→ **DATASET CONTENT**
════════

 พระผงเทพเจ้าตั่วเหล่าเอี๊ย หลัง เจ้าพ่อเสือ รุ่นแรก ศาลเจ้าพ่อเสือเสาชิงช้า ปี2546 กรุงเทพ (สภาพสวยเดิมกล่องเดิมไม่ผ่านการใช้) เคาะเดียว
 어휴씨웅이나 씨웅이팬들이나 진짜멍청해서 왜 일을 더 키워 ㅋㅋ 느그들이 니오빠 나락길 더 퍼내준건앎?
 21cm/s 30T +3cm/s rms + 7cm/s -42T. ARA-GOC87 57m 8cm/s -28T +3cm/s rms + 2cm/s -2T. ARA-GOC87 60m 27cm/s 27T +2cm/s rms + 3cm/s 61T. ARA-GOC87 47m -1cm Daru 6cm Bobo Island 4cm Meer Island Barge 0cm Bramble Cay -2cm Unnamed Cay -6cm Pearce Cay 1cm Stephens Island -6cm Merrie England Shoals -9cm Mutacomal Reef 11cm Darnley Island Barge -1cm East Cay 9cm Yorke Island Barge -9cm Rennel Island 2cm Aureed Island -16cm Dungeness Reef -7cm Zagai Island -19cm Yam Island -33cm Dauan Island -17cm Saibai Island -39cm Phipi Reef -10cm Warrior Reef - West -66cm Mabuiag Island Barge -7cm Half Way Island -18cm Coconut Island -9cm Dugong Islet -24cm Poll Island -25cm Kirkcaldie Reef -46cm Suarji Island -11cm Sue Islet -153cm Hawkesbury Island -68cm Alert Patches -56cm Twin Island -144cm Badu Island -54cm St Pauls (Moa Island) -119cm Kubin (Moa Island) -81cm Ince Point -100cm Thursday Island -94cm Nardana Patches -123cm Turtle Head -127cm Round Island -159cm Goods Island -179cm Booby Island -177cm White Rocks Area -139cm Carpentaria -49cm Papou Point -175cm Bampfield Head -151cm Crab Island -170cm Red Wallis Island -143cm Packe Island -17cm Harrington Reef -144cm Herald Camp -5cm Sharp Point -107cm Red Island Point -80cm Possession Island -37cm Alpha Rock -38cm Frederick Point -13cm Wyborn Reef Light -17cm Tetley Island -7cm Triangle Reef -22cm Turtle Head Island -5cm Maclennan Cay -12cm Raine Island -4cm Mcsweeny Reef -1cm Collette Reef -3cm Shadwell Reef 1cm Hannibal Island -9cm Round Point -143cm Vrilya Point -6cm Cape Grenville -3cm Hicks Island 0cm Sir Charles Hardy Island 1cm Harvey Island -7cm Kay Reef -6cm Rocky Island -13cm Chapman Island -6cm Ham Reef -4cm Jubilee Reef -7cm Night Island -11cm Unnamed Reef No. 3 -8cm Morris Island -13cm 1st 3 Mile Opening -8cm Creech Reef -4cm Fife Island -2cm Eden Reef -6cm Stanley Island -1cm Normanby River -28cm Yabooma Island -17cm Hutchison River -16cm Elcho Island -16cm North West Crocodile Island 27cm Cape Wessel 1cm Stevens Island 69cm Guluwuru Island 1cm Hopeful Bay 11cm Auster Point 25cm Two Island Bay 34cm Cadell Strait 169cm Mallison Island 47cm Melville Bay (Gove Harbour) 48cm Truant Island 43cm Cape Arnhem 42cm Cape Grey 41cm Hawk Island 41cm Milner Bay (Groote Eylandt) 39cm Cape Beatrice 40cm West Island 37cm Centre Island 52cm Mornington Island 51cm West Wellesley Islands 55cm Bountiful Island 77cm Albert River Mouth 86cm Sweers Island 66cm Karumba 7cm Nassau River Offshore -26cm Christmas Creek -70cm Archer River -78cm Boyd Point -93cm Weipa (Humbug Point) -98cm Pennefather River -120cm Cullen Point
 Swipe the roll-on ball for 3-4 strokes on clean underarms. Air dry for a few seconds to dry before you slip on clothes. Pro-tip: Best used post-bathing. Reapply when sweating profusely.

════════

→ **EXERCISE BRIEF**
Transcribe the entire listing above exactly as written.

→ **ANSWER SECTION**
 พระผงเทพเจ้าตั่วเหล่าเอี๊ย หลัง เจ้าพ่อเสือ รุ่นแรก ศาลเจ้าพ่อเสือเสาชิงช้า ปี2546 กรุงเทพ (สภาพสวยเดิมกล่องเดิมไม่ผ่านการใช้) เคาะเดียว
 어휴씨웅이나 씨웅이팬들이나 진짜멍청해서 왜 일을 더 키워 ㅋㅋ 느그들이 니오빠 나락길 더 퍼내준건앎?
 21cm/s 30T +3cm/s rms + 7cm/s -42T. ARA-GOC87 57m 8cm/s -28T +3cm/s rms + 2cm/s -2T. ARA-GOC87 60m 27cm/s 27T +2cm/s rms + 3cm/s 61T. ARA-GOC87 47m -1cm Daru 6cm Bobo Island 4cm Meer Island Barge 0cm Bramble Cay -2cm Unnamed Cay -6cm Pearce Cay 1cm Stephens Island -6cm Merrie England Shoals -9cm Mutacomal Reef 11cm Darnley Island Barge -1cm East Cay 9cm Yorke Island Barge -9cm Rennel Island 2cm Aureed Island -16cm Dungeness Reef -7cm Zagai Island -19cm Yam Island -33cm Dauan Island -17cm Saibai Island -39cm Phipi Reef -10cm Warrior Reef - West -66cm Mabuiag Island Barge -7cm Half Way Island -18cm Coconut Island -9cm Dugong Islet -24cm Poll Island -25cm Kirkcaldie Reef -46cm Suarji Island -11cm Sue Islet -153cm Hawkesbury Island -68cm Alert Patches -56cm Twin Island -144cm Badu Island -54cm St Pauls (Moa Island) -119cm Kubin (Moa Island) -81cm Ince Point -100cm Thursday Island -94cm Nardana Patches -123cm Turtle Head -127cm Round Island -159cm Goods Island -179cm Booby Island -177cm White Rocks Area -139cm Carpentaria -49cm Papou Point -175cm Bampfield Head -151cm Crab Island -170cm Red Wallis Island -143cm Packe Island -17cm Harrington Reef -144cm Herald Camp -5cm Sharp Point -107cm Red Island Point -80cm Possession Island -37cm Alpha Rock -38cm Frederick Point -13cm Wyborn Reef Light -17cm Tetley Island -7cm Triangle Reef -22cm Turtle Head Island -5cm Maclennan Cay -12cm Raine Island -4cm Mcsweeny Reef -1cm Collette Reef -3cm Shadwell Reef 1cm Hannibal Island -9cm Round Point -143cm Vrilya Point -6cm Cape Grenville -3cm Hicks Island 0cm Sir Charles Hardy Island 1cm Harvey Island -7cm Kay Reef -6cm Rocky Island -13cm Chapman Island -6cm Ham Reef -4cm Jubilee Reef -7cm Night Island -11cm Unnamed Reef No. 3 -8cm Morris Island -13cm 1st 3 Mile Opening -8cm Creech Reef -4cm Fife Island -2cm Eden Reef -6cm Stanley Island -1cm Normanby River -28cm Yabooma Island -17cm Hutchison River -16cm Elcho Island -16cm North West Crocodile Island 27cm Cape Wessel 1cm Stevens Island 69cm Guluwuru Island 1cm Hopeful Bay 11cm Auster Point 25cm Two Island Bay 34cm Cadell Strait 169cm Mallison Island 47cm Melville Bay (Gove Harbour) 48cm Truant Island 43cm Cape Arnhem 42cm Cape Grey 41cm Hawk Island 41cm Milner Bay (Groote Eylandt) 39cm Cape Beatrice 40cm West Island 37cm Centre Island 52cm Mornington Island 51cm West Wellesley Islands 55cm Bountiful Island 77cm Albert River Mouth 86cm Sweers Island 66cm Karumba 7cm Nassau River Offshore -26cm Christmas Creek -70cm Archer River -78cm Boyd Point -93cm Weipa (Humbug Point) -98cm Pennefather River -120cm Cullen Point
 Swipe the roll-on ball for 3-4 strokes on clean underarms. Air dry for a few seconds to dry before you slip on clothes. Pro-tip: Best used post-bathing. Reapply when sweating profusely.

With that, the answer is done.